In Fashion UK’s: State of the Sector survey, one question reads, “Do you supplement your income with non-fashion-related work?” and another: “Has your work negatively impacted your personal relationships?” Raise your hand if you’ve answered ‘yes’ twice. The goal, explain Lacayo and Miller, is to boost transparency in the industry. “We’re looking into things that contribute to job enjoyment and how your mental health is doing.” The survey was authored by Bectu’s Fashion UK Union branch, which helps members (freelancers and contracted employees) with terms and pay negotiation, legal support, invoice chasing, skill training and more. Members and non-members also have access to dedicated WhatsApp groups where they can raise questions, experiences and worries in a low-threshold way.

For freelancers who can’t join the union (it’s only open to UK-based non-performing fashion professionals, costs a small, earning-based membership fee and operates on member participation), there are other options to combat loneliness. A few of our followers recommended renting a shared studio with other creatives, or inviting friends to work in your space (whether that be a studio or a WFH setup).

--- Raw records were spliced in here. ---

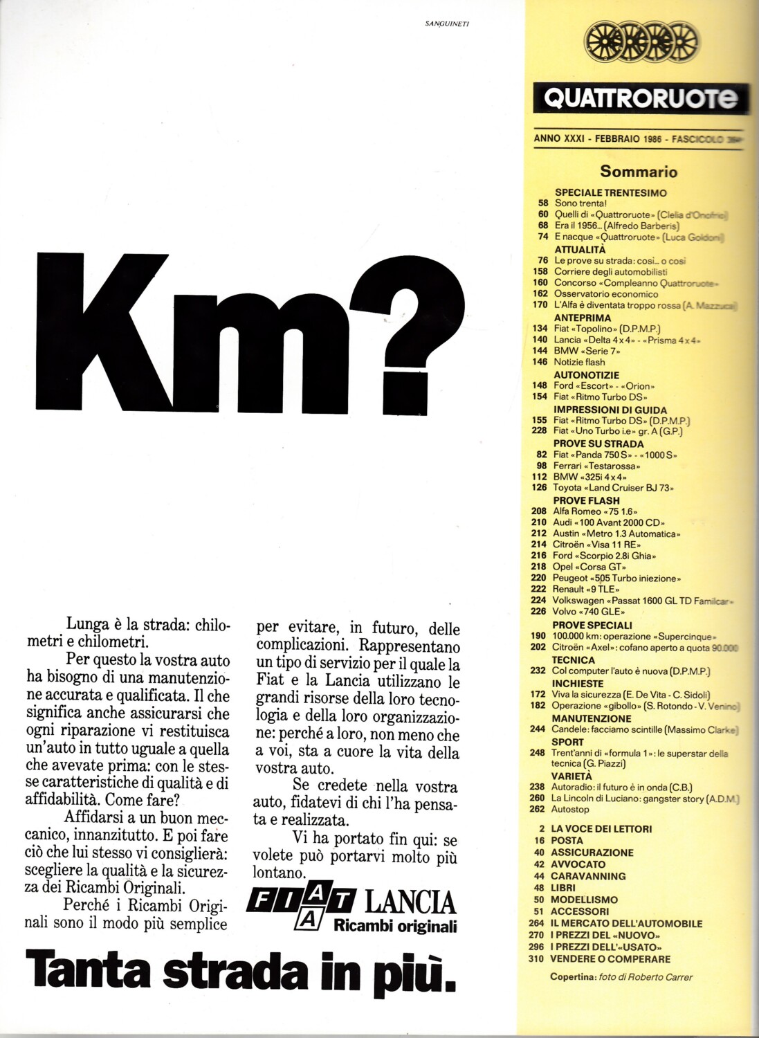 | Titolo: | Quattroruote n. 364 Febbraio 1986 – Ferrari Testarossa, BMW 325i 4×4, Axel |
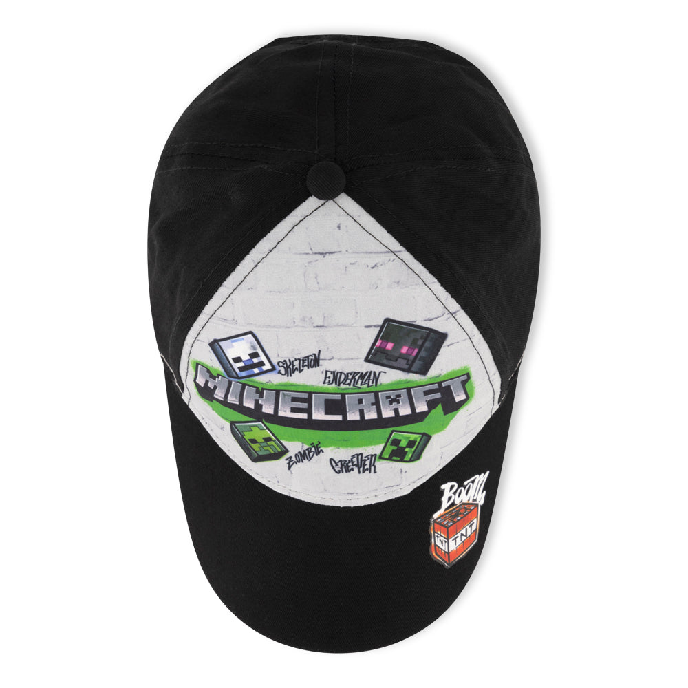 Бейзболна шапка Minecraft с черна козирка. Урбан графити принт на предния панел с логото MINECRFAT, квадратните глави на Skeleton, Enderman, Zombie и Creeper. На козирката Boom, TNT.
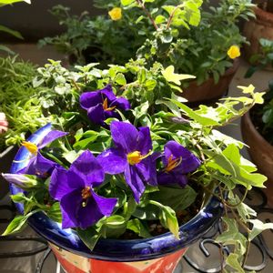 サントリーサフィニア ピュアホワイト⚪️ ペチュニア ナイトスカイ🟣 へデラフリル、ツルニチニチソウ☘️🌱
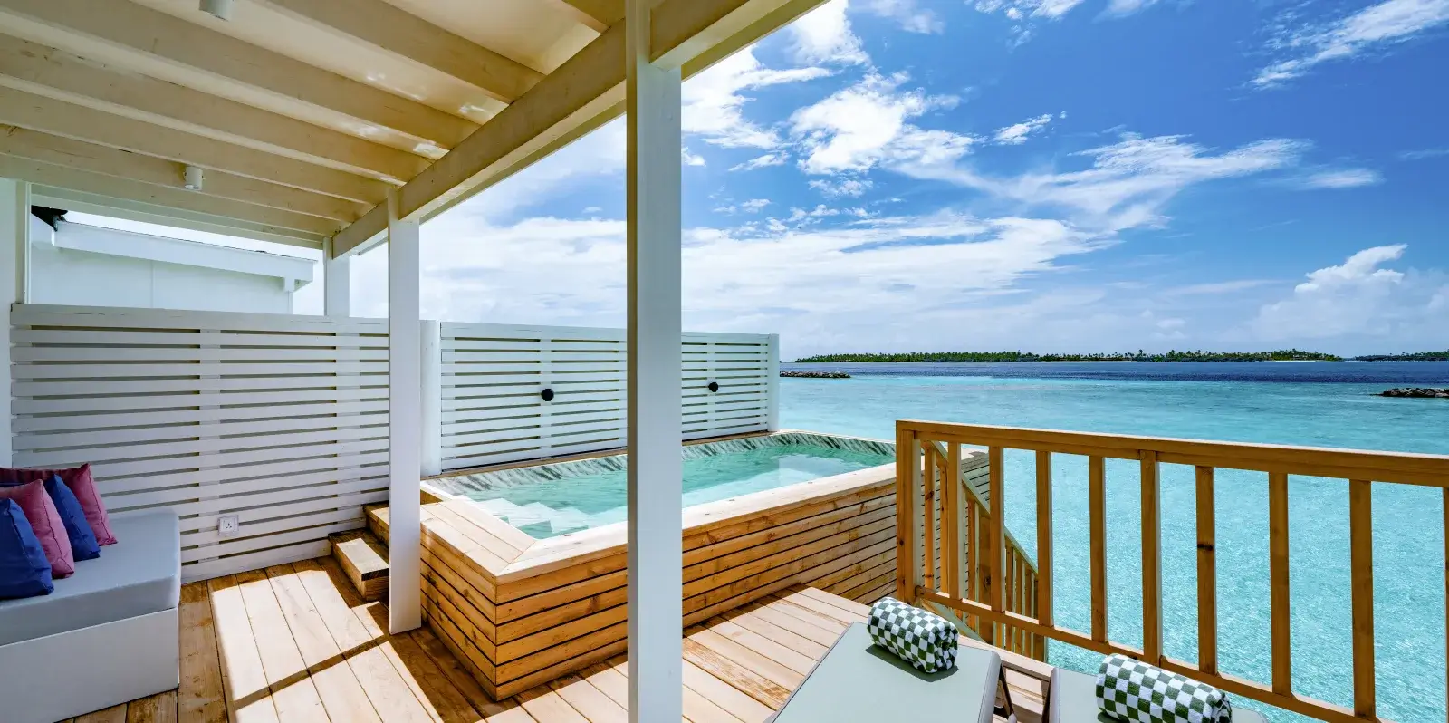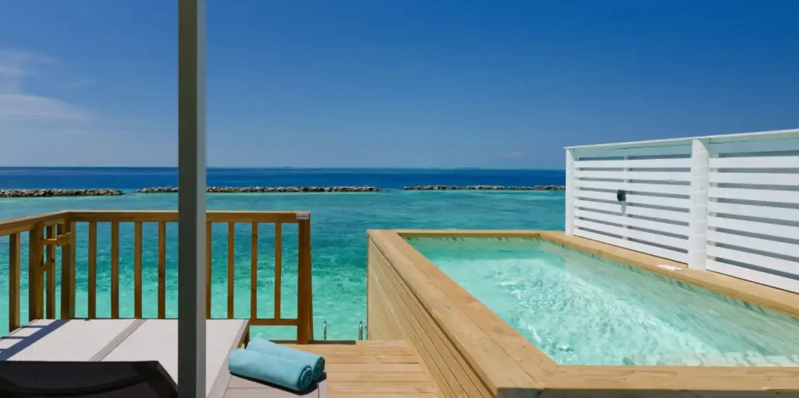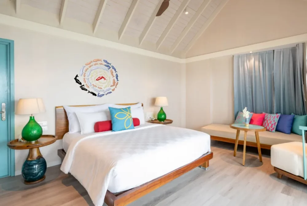 水上別墅坐落於美麗的藍色海域之上,擁有採光充足的室內空間和炫彩斑斕的熱帶色彩室外區。別墅內設有豪華大床、海景浴室、10平方米的游泳池和日光躺椅,別忘了欣賞水下豐富珊瑚生態。

The remedy for freelance loneliness is sharing: your skills and time as a mentor, community contributions at a union, your workspace, your rates, experiences of (toxic) working conditions, questions and doubts, successes, life hacks and – crucially – the less-than-glamorous facets of your freelance fashion career. “Otherwise,” as Miller puts it, “we’ll just stay in this polluted bubble where everything seems fine, but it’s not.”